> [What to do]: After dropping the pictures, give again exactly the lines of the data from its first line through the line with "In folio en", which is included as well.
======== Supplied data ========
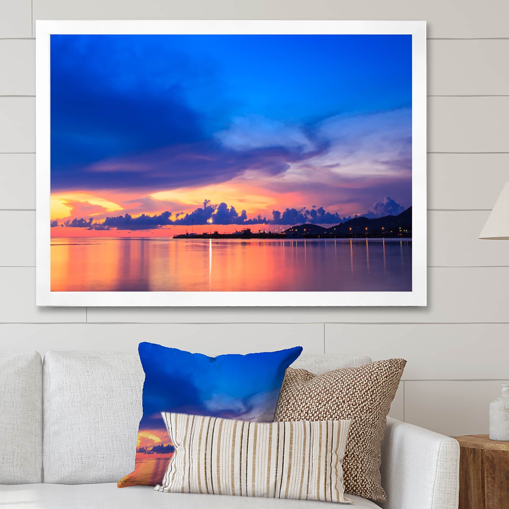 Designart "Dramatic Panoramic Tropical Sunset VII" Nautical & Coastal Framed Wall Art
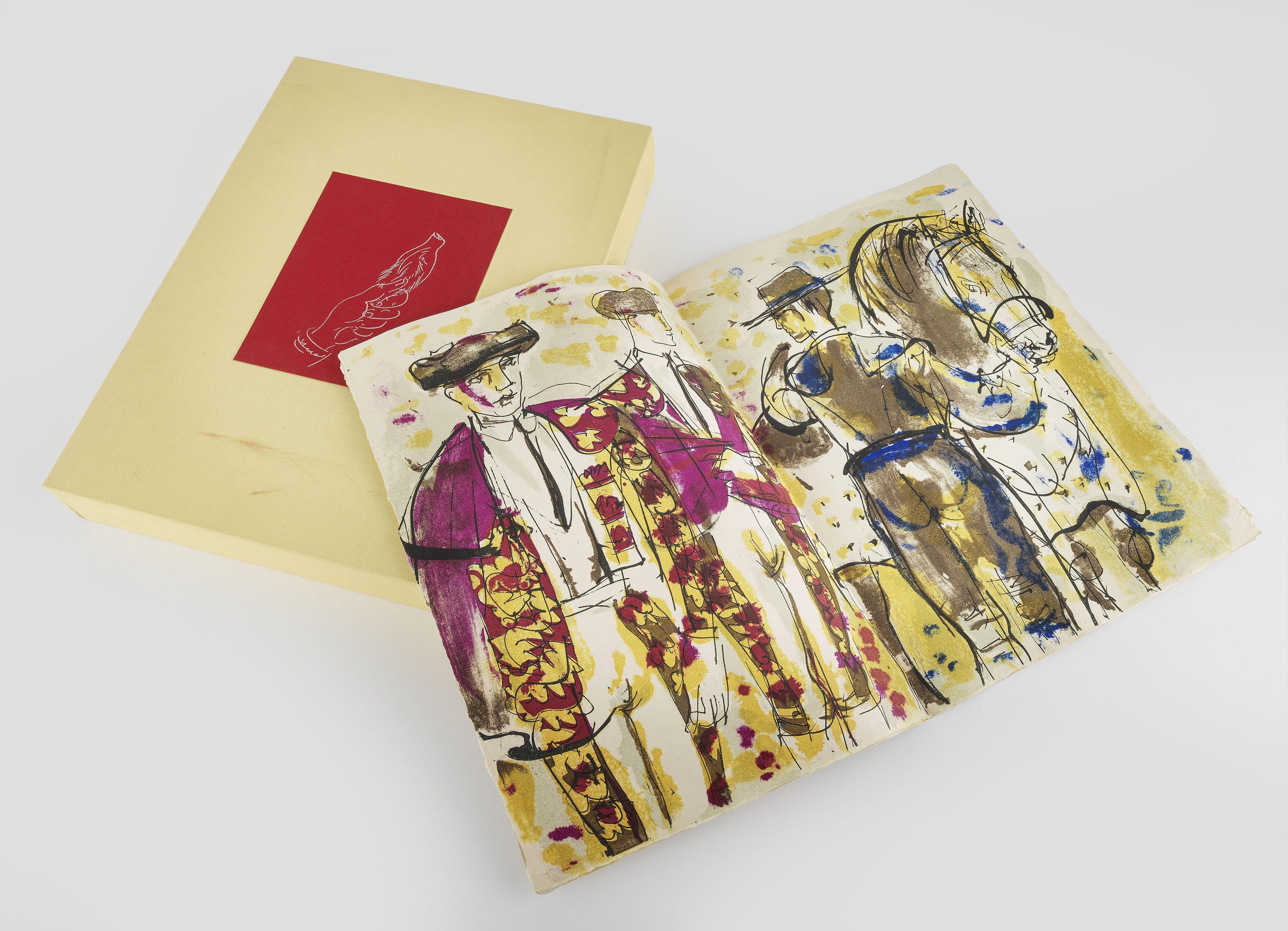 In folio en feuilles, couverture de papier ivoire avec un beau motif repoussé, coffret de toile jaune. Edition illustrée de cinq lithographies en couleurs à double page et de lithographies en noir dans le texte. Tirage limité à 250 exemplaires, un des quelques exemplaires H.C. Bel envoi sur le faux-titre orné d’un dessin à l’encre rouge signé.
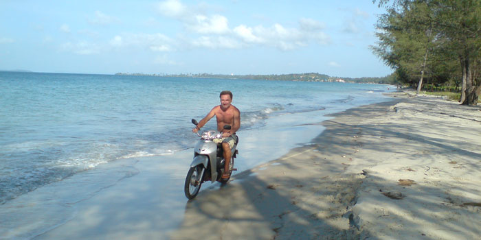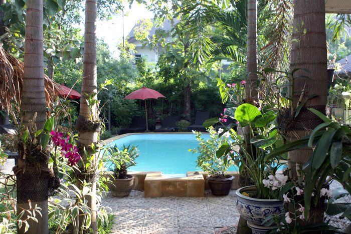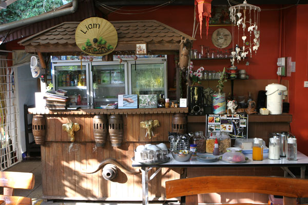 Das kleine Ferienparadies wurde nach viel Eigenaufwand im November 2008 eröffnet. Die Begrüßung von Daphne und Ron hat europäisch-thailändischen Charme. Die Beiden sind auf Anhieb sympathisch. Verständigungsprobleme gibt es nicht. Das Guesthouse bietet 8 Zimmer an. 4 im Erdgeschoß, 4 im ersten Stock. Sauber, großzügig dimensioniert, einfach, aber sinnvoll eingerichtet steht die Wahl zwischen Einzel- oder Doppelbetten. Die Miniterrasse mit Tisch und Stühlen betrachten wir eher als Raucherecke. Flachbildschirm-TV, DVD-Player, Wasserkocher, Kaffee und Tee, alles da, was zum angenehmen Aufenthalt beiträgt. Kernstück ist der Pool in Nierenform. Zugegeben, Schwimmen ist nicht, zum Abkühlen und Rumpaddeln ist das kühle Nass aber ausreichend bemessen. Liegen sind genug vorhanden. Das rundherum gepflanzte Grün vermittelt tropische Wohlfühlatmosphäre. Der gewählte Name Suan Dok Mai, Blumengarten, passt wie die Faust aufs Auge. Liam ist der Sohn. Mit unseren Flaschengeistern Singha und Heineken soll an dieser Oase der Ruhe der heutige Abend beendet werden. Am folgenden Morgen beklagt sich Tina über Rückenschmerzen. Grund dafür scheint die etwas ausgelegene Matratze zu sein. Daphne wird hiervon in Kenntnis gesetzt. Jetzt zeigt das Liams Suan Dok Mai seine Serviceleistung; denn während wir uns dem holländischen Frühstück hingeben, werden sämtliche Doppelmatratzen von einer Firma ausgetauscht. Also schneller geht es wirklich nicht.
========
> [Exercise response]:
 Designart "Dramatic Panoramic Tropical Sunset VII" Nautical & Coastal Framed Wall Art
 In folio en feuilles, couverture de papier ivoire avec un beau motif repoussé, coffret de toile jaune. Edition illustrée de cinq lithographies en couleurs à double page et de lithographies en noir dans le texte. Tirage limité à 250 exemplaires, un des quelques exemplaires H.C. Bel envoi sur le faux-titre orné d’un dessin à l’encre rouge signé.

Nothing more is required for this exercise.